Eclectic Blue

More fool you, kids

0 Comments 29 June 2017

More fool you, kids

I am the first to admit that my decision making in life has never been the best. I’ve got quite a lot of big ones wrong over the years but in resigning from the Labour Party, I know I was right. If I hadn’t resigned over the weekend, I’d have certainly resigned today after Jeremy Corbyn told his MPs not to support an amendment to avert a herd Brexit and to sack those who did.

I do not recall Corbyn marching to the front of the Pyramid stage at the Pilton festival, with his fans chanting his name in the manner of a top darts player, and then announcing that he was going to support a hard Brexit. Here’s what he should have said: “This country can be so much better and more equal. I know that most of you voted Labour because you bought into the illusion that we would bring you hope. Well, fuck you all. Next week, I am going to tell my MPs to support leaving the single market and the customs union and to end freedom of movement, not just for foreign people but for you, too. If you thought I was going to campaign for a soft Brexit, more fool you. If you thought I was going fight for you to have the opportunity to live, love, study, work and travel abroad, you’ve been had. You will soon realise that I have exactly the same view on leaving the EU as Theresa May. The only difference is that I have always supported leaving the EU whereas she only changed her mind last year.”

The brass neck of Corbyn sacking people for disloyalty is astounding. When he was a backbencher, Corbyn met up every week with his fellow travellers from the hard left to decide how they would vote collectively on the following week’s business. He paid no attention to whips, had no interest in following the democratic polices of the party, had no conception of what loyalty meant. Now the poacher has become gamekeeper and it’s not a good look.

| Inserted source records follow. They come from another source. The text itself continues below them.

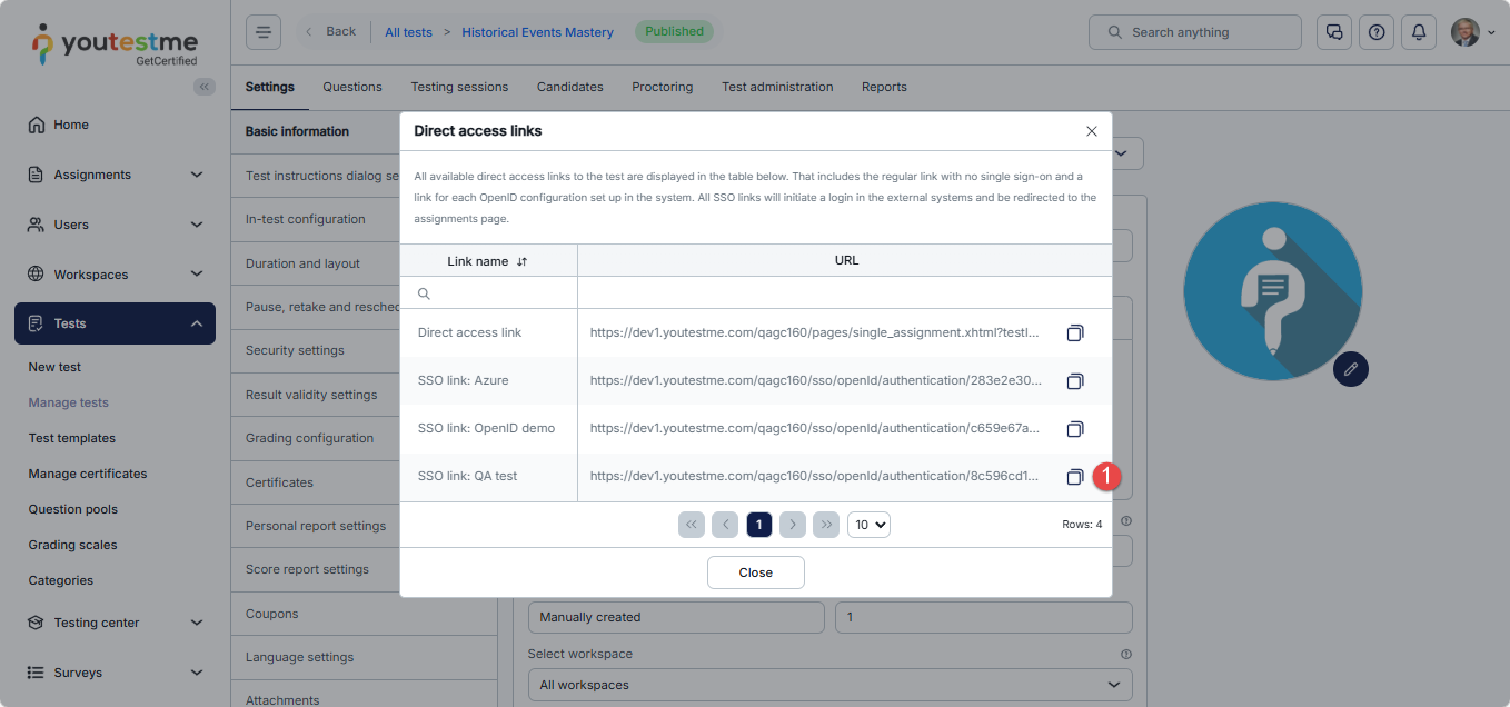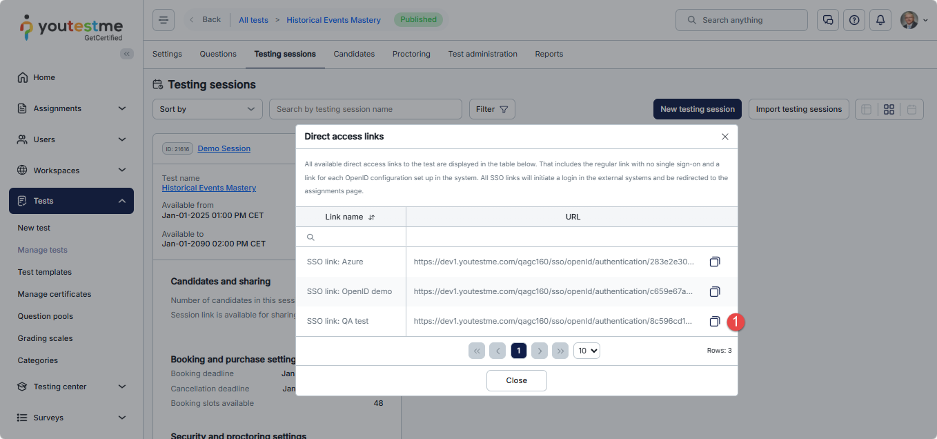 The SSO link allows direct access to a specific test with a Self-Enrollment Testing session on the YouTestMe application. To learn how to create a Self-Enrollment Testing session for a test refer to this article.
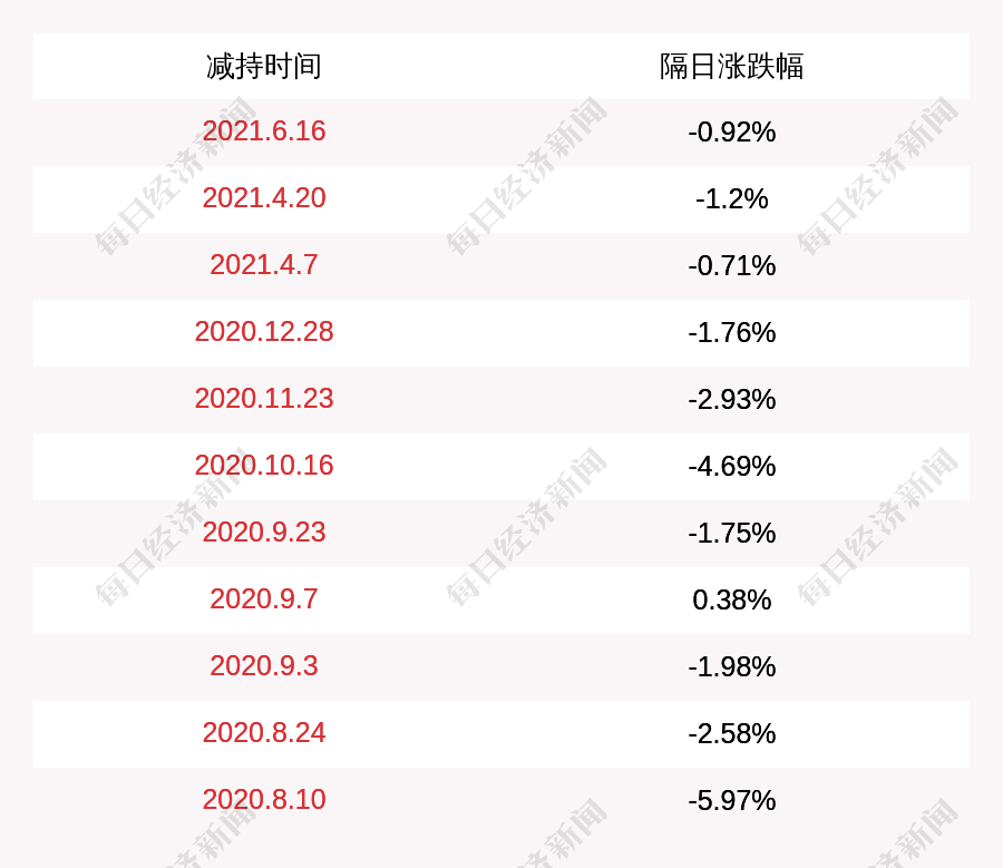 3. 爱乐达上次发布减持公告是2021年06月16日,第二个交易日下跌0.92%,爱乐达近一年共发布12次减持类公告。更多关键信息,请搜索“道达号”。
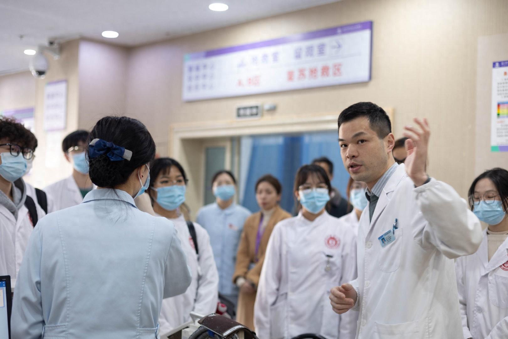“急救中心是医院抢救生命的前沿阵地,面对的是病情各异、年龄不一的患者,我们必须保持冷静与专注。”在洞头区人民医院急诊中心,带教老师正在给温医大色花堂 的一年级医学生们授课。
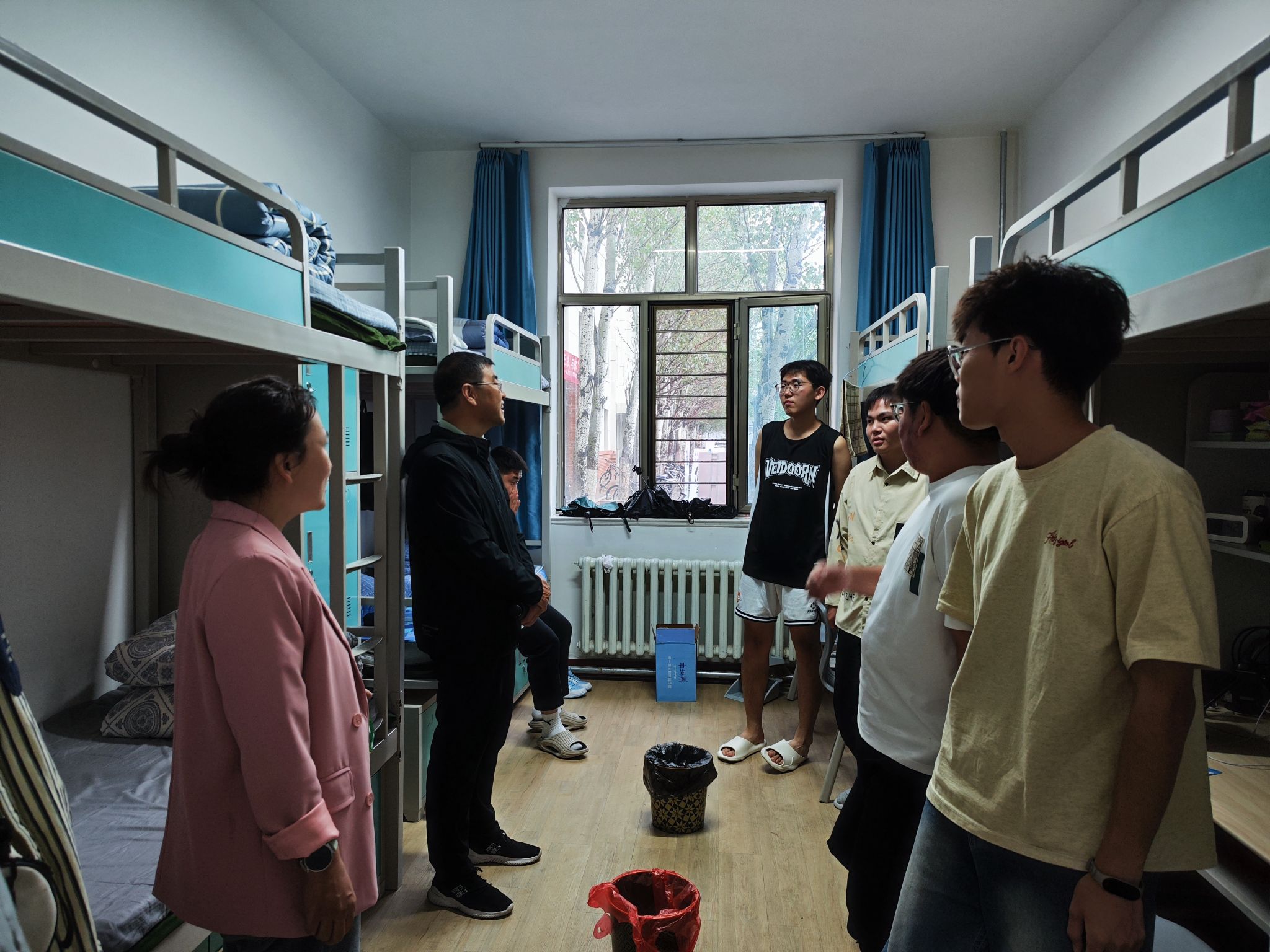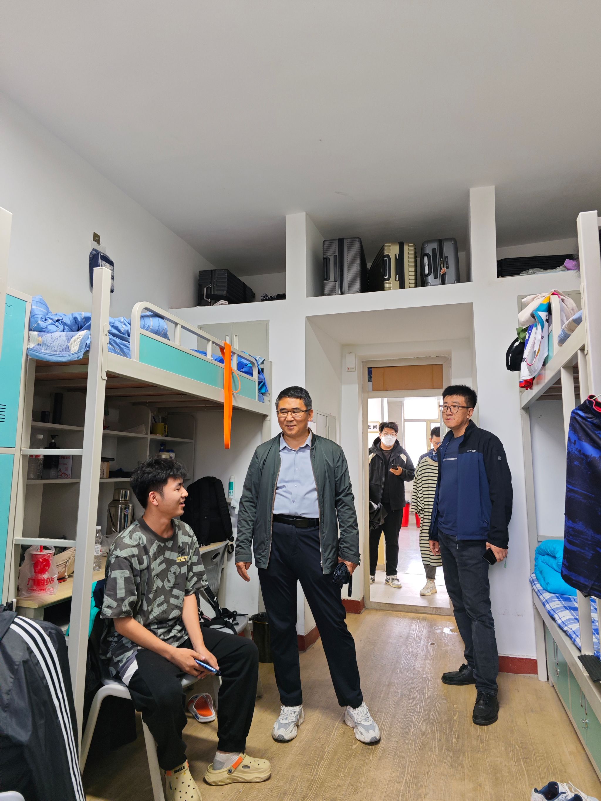 老师们逐一深入宿舍,向新生们致以亲切的问候,并询问了同学们初入大学的适应情况。在交流中,段志峰书记鼓励同学们面对新生活、新环境、新朋友要活泼积极,尽快融入矿煤大家庭中来。同时他强调说,宿舍不仅是学习生活的场所,更是大家共同成长的小家,遇到问题时,要及时向辅导员、班主任寻求帮助和支持。
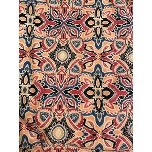 Pretty print with black, blue, terra cotta, white, peach

As sell outs go, this is a pretty big one. Many young people saw their futures taken away by the older generation in last year’s EU referendum and saw in Corbyn a different kind of politics. He understood younger people and he would fight for them. For many, the penny has not dropped yet, but this honest, straight-talking politics is in fact the resurrection of the doomed hard left Labour policies of the 1980s. If they had known their history, Corbyn’s mentor Tony Benn hated the EU and always wanted out. There is not a cigarette paper between Benn and Corbyn policy wise. I always thought his conversion to a half-hearted leave position was just a lie. Now we know it was.

The EU leavers’ hero Nigel Farage tonight congratulated Corbyn for supporting the hard Brexit he has dreamed about. Once again, the opposites attract, the extremists get so far out, they somehow meet each other at the outer perimeters of the political scale. I loathed Kate Hoey when she took a trip on the Thames with Farage to campaign for Brexit and I loathe Corbyn for occupying the same political ground as Farage, May and every hardline Brextremist fruitcake in the land.

Soon, Corbyn’s Labour will have to abandon their current dishonest facing-both-ways on Brexit strategy that saw them pick up lots of remainer votes in the election. Perhaps then, young people will realise that the cynical old men who wrecked Labour in the 1980s are the same cynical old men want the hardest possible Brexit, just like Theresa May, just like Nigel Farage. Yes, you’ve been had, kids.